Officially closing the giveaway!
vodkasmizmar
Senior Member
Yay! Finally, watching hours and hours of nerdy Youtube videos have paid off! Can't wait for the banana!
SOLUTIONS TO PUZZLES
Now compiled in one neat post.
1. You have three cousins: Chief, Wolfgang, and Lobo. One day, you ask Lobo, "How old are the three of you?" He answers, "Well, the product of our ages is 490. The sum of our ages is 26." Feeling confused, you ask him for more clues. "Well...I'm the oldest of us three, and my age is twice that of Chief," Lobo says.
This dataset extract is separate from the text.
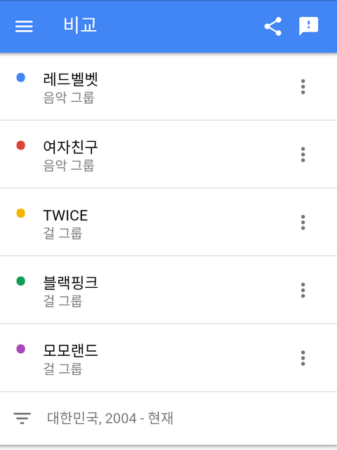 트와이스>레드벨벳>여자친구>블랙핑크>모모랜드 순

How old is Wolfgang? SOLVED BY MAYORKIYO
Prize: New Year's Noodles, ceramic hotpot, stewpot
2. An unknown number of tourists wish to go on a trip. They decide to rent an equally unknown number of buses, each of which has a maximum capacity of 10 passengers. What we do know, is that, if all of the buses take on 8 passengers, one tourist will be left without a ride. And if the tourists try to fill up all the buses to maximum capacity, they will fill up all but one bus, which will have only one passenger.
How many buses and tourists are there? SOLVED BY DACOSIM
Prize: 1 million bells
3. You have $2, $5, $10 and $20 bills. Without knowing which you're getting, you place your hands in your pocket and grab two of the bills at the same time.
How many possible combinations of two bills let you buy a $12 chocolate bar? SOLVED BY RANDOMSHEEP101
Prize: Afternoon tea set plus a cup of coffee
4. Pietro and Julian went cherry-picking one day. "Hey, if you only picked 17 more cherries, then you would have picked twice the number of cherries I have right now, glitter," said Julian. "That's funny," Pietro replied. "If you picked 17 more cherries, then you'd have twice my number of cherries too!"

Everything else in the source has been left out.